Pada November, sebanyak 59,3 persen perusahaan manufaktur Jerman yang disurvei melaporkan kelangkaan bahan, level terendah sejak April 2021. Pada Oktober, jumlah tersebut tercatat di angka 63,8 persen, kata wadah pemikir yang berbasis di Munich itu.
Terlepas dari sinyal yang menggembirakan tersebut, "terlalu dini untuk mengatakan bahwa situasi pada dasarnya telah mereda," komentar Klaus Wohlrabe, kepala survei di ifo, menambahkan bahwa "masih banyak pesanan yang tidak dapat diproses."
Laporan tersebut juga mengungkapkan perbedaan yang jelas di antara sejumlah industri.
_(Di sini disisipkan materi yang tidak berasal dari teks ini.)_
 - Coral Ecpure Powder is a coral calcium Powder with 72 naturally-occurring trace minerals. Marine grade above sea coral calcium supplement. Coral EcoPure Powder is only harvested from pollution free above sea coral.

Di industri otomotif, persentase perusahaan yang mengalami kelangkaan bahan naik dari 74,9 persen menjadi 83,2 persen.
Sementara itu, proporsi produsen mesin dan peralatan yang terdampak masalah tersebut turun 7,8 poin persentase dari bulan lalu menjadi 78,7 persen.
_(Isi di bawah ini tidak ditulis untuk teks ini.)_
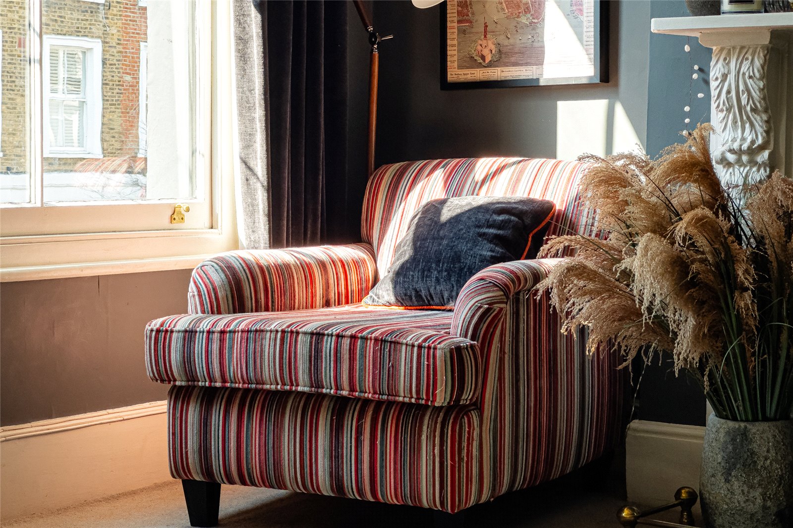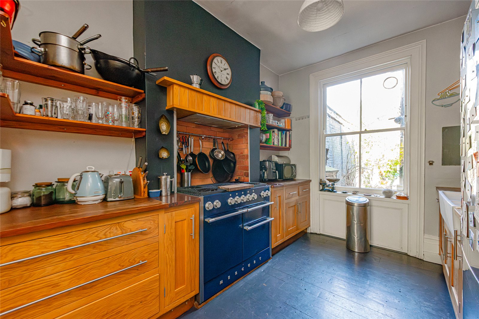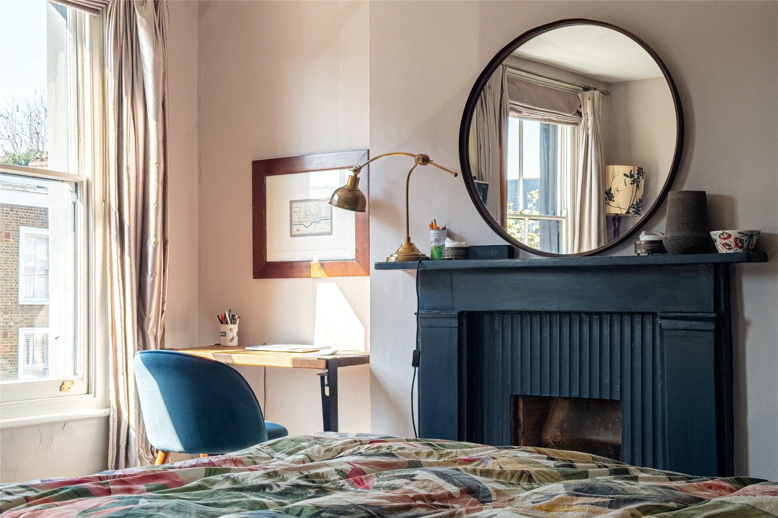 Extending to approximately 1,360 sq ft, the house retains a wealth of original features, including high ceilings, large sash windows with original shutters, exposed floorboards across the ground floor, classic column radiators and a number of striking decorative fireplaces. These are complemented by thoughtful additions such as wall panelling, creating a warm, characterful and visually rich interior throughout.

Lebih dari 70 persen produsen minuman dan peralatan listrik yang disurvei di Jerman mengatakan kepada ifo Institute bahwa mereka masih mengalami kelangkaan bahan.
Pada November, kurang dari 30 persen produsen produk kulit, furnitur, dan logam dasar di Jerman melaporkan masalah hambatan pasokan, menurut laporan tersebut.
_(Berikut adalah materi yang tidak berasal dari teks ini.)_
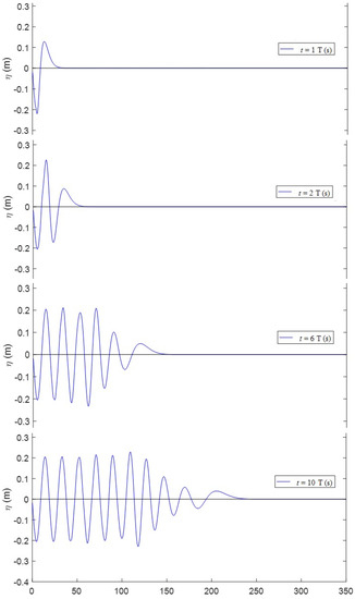 The present analytical solution can be used to simulate transient development of waves generated by the wavemaker in a channel. Time variations of surface waves in front of the wavemaker along the wave channel at one-period time, two-periods, six-periods, and 10-periods of the wavemaker motion are shown in Figure 8. At time one-period, a developing wave form is induced, where a smaller wave peak is ahead of a lower trough propagating away from the wavemaker. At the two-period time, two wave forms are generated along the channel. A smaller wave is propagating ahead of a bigger wave, while waves are propagating away from the wavemaker. The wave forms are gradually developing, and it is expected that as more waves are continuously generated, the wave forms will reach fully developed conditions. At the six-period time, there are six unsteady waves in front of the wavemaker; among them there are four developed waves behind the two smaller leading waves. As for the 10-period time, there are four fully developed waves behind the four leading transient waves. We can notice that between fully developed waves and the leading waves, there is a highest wave. The simulated results indicated that there is a relatively bigger wave between developing waves and fully developed steady waves, which is about 15% bigger than the steady wave heights. As more time elapsed, there will be more fully developed waves generated following the leading waves.

Kurangnya produk input dari luar negeri sangat merugikan industri Jerman, kata majalah berita bisnis Jerman WirtschaftsWoche, mengutip sebuah studi baru-baru ini yang dilakukan oleh Institut Kebijakan Ekonomi Makro Jerman (IMK).
Pertumbuhan Produk Domestik Bruto (PDB) Jerman bisa mencapai 1,2 persen lebih tinggi pada 2021 dan 1,5 persen lebih tinggi pada pertengahan 2022 seandainya semua pesanan baru dapat diproses, kata studi IMK itu.
"Data ini menggarisbawahi perlunya memberikan perhatian yang lebih besar pada ketahanan rantai pasokan dengan mengorbankan efisiensi biaya," tulis para peneliti IMK dalam ringkasan penelitiannya.